Louki Lardkumar was on the hunt for anything that would give him respite from the sweltering Chennai heat. He spotted a man about his own age selling elaneer on the corner of the street. He was stretched out near his cart, lying under a tree and pretending that the shade from it's three leaves helped him in any way.

Louki pondered a while before going over. On the one hand he was broke, but on the other hand the elaneer was bound to be cooler than the soup he was walking through, right? Surely the man would see that he desperately needed some kind of fluid intake if he were to avoid the calamity of becoming one with the soup, right? Right.

Louki walked up to the cart, put on his most charming smile

“One, please.”

“Fifteen rupees,” said the man, one eyelid opening to make sure there was an actual human being in front of him.

“Yes, no problem.” – charming smile – “One, please.”

“Twenty rupees,” said the man, who was quickly realizing how highly he valued his nap.

“Absolutely, no problem, definitely. I definitely can afford that, absolutely. However you see, earlier today my grandmother –” he stopped, as he realized the man had moved to put Louki's rather voluminous shadow between him and the sun and had dozed off again. Suited him perfectly. He rummaged around in his pocket for a while and pulled out some lint, and what was once a bus ticket that had been washed more recently that he, and made a show of putting it in the man's pocket.

“Here's your twenty rupees, brother” he said loudly to no one in particular, while he grabbed the fullest coconut he could find and wandered off with it looking extremely pleased with himself.


“I'm a genius,” Louki thought to himself as he cradled his coconut like a newborn, “If only I had the money to start up my own business, I'd corner the market in no time,” although he wasn't particular about which market or what business. He spent another five minutes wandering down the road congratulating himself on quickness of spirit and firmness of mind when he decided to take a swig of his newly acquired thengai. He could already taste the elaneer, running down his throat, the mixture of sweet and cool relieving the intense heat even if just for a few moments. With great relish he raised the coconut to his lips.

“Shit.”

There is only one course of action when faced with a sealed coconut, and that is to unseal it. He thought about smashing it against the floor in the time-honoured manner, and quickly realized the flaw in that plan. He didn't want his hard earned coconut to feed mongrels. No, they didn't deserve it as much as he did. All they did was lie about all day, while he had been slogging, hard at work. Louki the Workaholic they called him. Well, no one did – but he was working all the time. Coming up with ideas was a lot of work.

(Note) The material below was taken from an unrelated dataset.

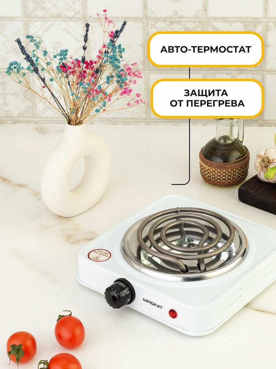 Плитка электрическая MAGNIT EH-1010, 1 конф. белая, ТЭН спираль

“Well, no problem,” he mused, “that lazy idiot is still probably napping by his cart.”

He turned and made his way back at a reasonable pace, eager to get drinking. His slowed down as he spotted a clearly angry Lazy Idiot walking away from him, at a high rate of knots.

“Unbelievable. What a fool! I may as well help myself to another one!”

Louki placed the original coconut on the floor, holding it tight between his ankles and grabbed a second one off the cart. He grabbed the aruval hanging off the side and hacked away at his new treasure until it wet itself. Overjoyed, he began lapping at the small opening he had made trying to get something – anything – in his belly before he slowly melted like warm ice cream.

He had just about managed to produce enough of a vacuum to coax the shy liquid out of hiding when he heard the unmistakable scream of a Lazy Idiot.

“Oi! Who the hell do you think you are? How stupid do you think I am?!”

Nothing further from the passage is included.